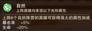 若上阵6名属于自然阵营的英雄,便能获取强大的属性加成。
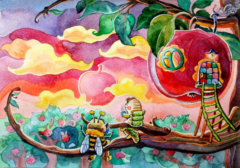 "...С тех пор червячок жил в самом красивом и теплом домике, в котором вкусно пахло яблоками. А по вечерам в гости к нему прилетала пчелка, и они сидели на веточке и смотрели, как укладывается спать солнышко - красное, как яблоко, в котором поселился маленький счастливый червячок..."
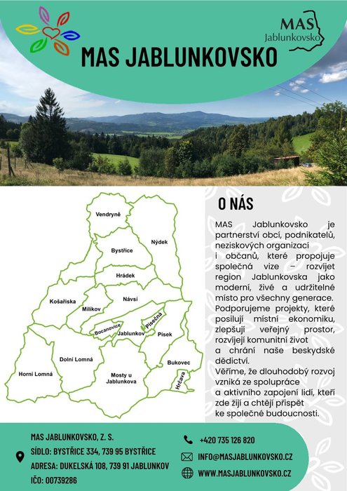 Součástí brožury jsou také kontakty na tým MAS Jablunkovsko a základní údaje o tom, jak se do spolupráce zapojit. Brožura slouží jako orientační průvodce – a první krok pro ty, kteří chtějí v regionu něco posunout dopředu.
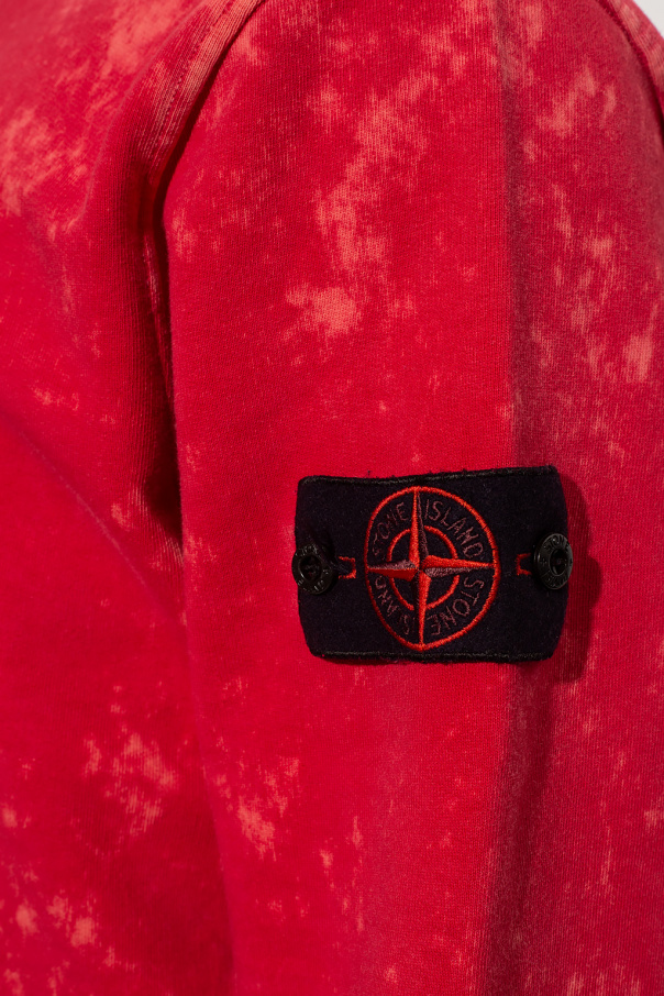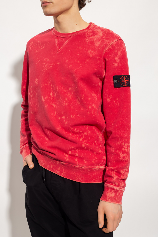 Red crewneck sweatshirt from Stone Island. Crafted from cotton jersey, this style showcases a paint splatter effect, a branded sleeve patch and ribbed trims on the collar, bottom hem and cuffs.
--
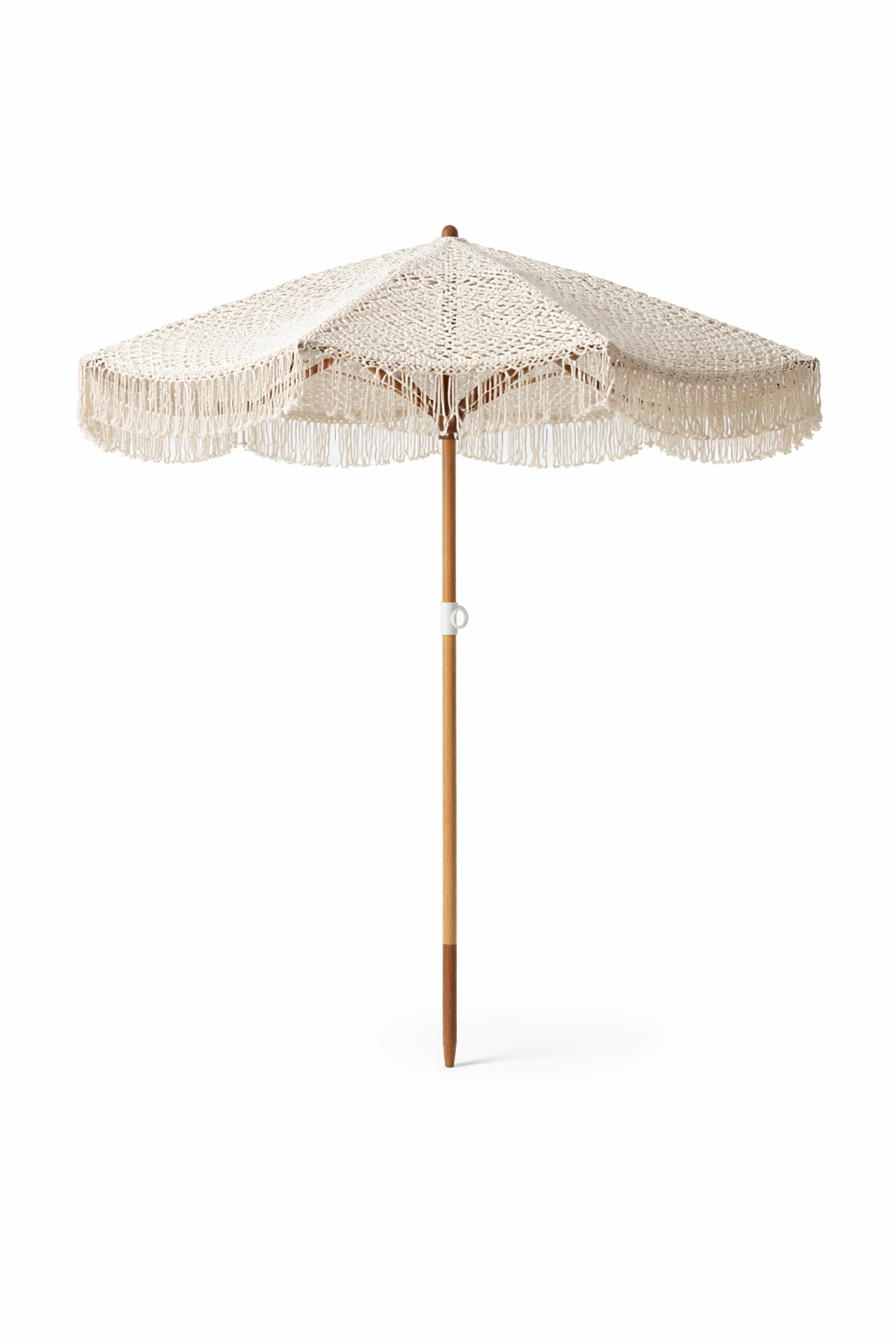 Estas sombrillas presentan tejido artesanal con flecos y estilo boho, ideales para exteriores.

- [Your task]: Reproduce word for word, with pictures dropped, only the part of the material above that opens with the line containing "若上阵6名属于自然阵营的英雄,便能获取强大的属性加成。" and closes with the line containing "Red crewneck sweatshirt".

- [Response box]:
 若上阵6名属于自然阵营的英雄,便能获取强大的属性加成。
 "...С тех пор червячок жил в самом красивом и теплом домике, в котором вкусно пахло яблоками. А по вечерам в гости к нему прилетала пчелка, и они сидели на веточке и смотрели, как укладывается спать солнышко - красное, как яблоко, в котором поселился маленький счастливый червячок..."
 Součástí brožury jsou také kontakty na tým MAS Jablunkovsko a základní údaje o tom, jak se do spolupráce zapojit. Brožura slouží jako orientační průvodce – a první krok pro ty, kteří chtějí v regionu něco posunout dopředu.
 Red crewneck sweatshirt from Stone Island. Crafted from cotton jersey, this style showcases a paint splatter effect, a branded sleeve patch and ribbed trims on the collar, bottom hem and cuffs.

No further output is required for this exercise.